Ultimately it comes back to the question of what does it mean to be human. Who are we as human beings? What are we going to give up from the past? We have to give up a lot of stuff, we have to give up superstition, some of the fairy tales that we've wrapped up our faith in. I'm all in favour of faith but if you have true faith you don't need all of the fairy tales.
If we can get rid of superstition then we're going to ask ourselves questions about how we relate to each other as human beings. How do we treat each other? What does it mean to be in love? What does it mean to communicate? Who are we? And to me that's the essential question that's always been in science fiction. A lot of science fiction stories are - at their very best - evocations of that question.
When we look up at the night sky and wonder, "Is there anyone else out there?" we're also asking who we are we in relation to them. When we go into the past, go into the future, when we postulate alternate kinds of human beings we're asking what's the core of humanity. If we could grow gills so we could breathe underwater, would we still be human?

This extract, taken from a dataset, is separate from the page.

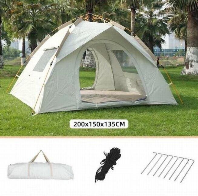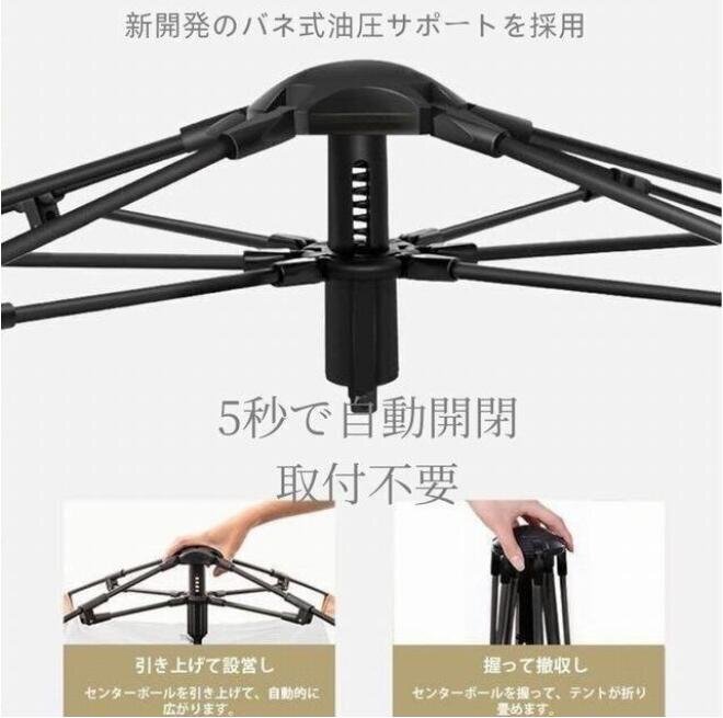 ワンタッチ式、一人でも5秒だけで簡単に設営できます、災害時の避難所などでも活躍します。製品はUVカット加工を採用しており、強い陽射しでも怖くないです。テント内側の紫外線対策はバッチリです。日差しからでも肌を守れます。

Well, our bodies wouldn't be human as we define humanity [now] but would our souls be human? To me science fiction has always been about that question.
All for charity
Could you tell us about the charity work you're doing?
I got tired to going to conventions that were all the same. I thought. "I keep getting invited to conventions, I've got to do something to make the convention worthwhile."
Celeste Holm carries this little purse with her and any time someone asks for an autographs she asks for a dollar and it goes to the Heart Association I believe. I heard about that, and thought, "That's a great idea."
I started carrying around a jar and the money was going to the AIDS project in Los Angeles. Other charities have [also] been the beneficiaries of this, right now it's the Science Fiction Writer's Emergency Medical Fund, and there will be other charities in the future.
I went to a lot more conventions, holding auctions and asking people for money and I got real good at asking people for money without feeling guilty about it. I liked it so now I go to conventions and the idea is - I have this game I play, how much money can I raise. Oh, let's see, there's three hundred people at this convention, okay I'm going to raise three hundred dollars, or if there's ten thousand people at this convention, I'm going to go for ten thousand dollars.
The idea is to see how much money I can raise for whatever charity I'm working on at the time. It's just a fun game to play.
Furry door-openers
Do you ever get annoyed that people just think of you as the tribble man?
No. You cannot believe how many doors the tribbles have opened for me. I've gotten into the Houston Space Centre and NASA and JPL (the Jet Propulsion Laboratory) and just every studio I can get into [by saying], "I'm the guy who wrote the tribbles", "Oh, come on in!" So I don't mind, it's a great door-opener and I've dined out on it for 35 years.
What I wish is that people would look beyond the tribbles and see I've written some other books that I really would like people to notice. There's The Man Who Folded Himself, there's The Martian Child, which is about my son and the adoption. There's The War Against The Chtorr, which is my magnum opus, my great epic story. So there's so much other stuff I've done.
Yes, I'd like people to read those books but I don't mind it, it's fun, and I live in hope that somebody will tell me a tribble joke I haven't already heard.
Oh, tell us a tribble joke.
A tribble joke, okay. Well, the tribble limerick I wrote is:
Since I first wrote that damn script for Gene
and the electrical picture machine
Tribbles have chased their creator
From here to Decatur
Nobody knows of the tribbles I've seen.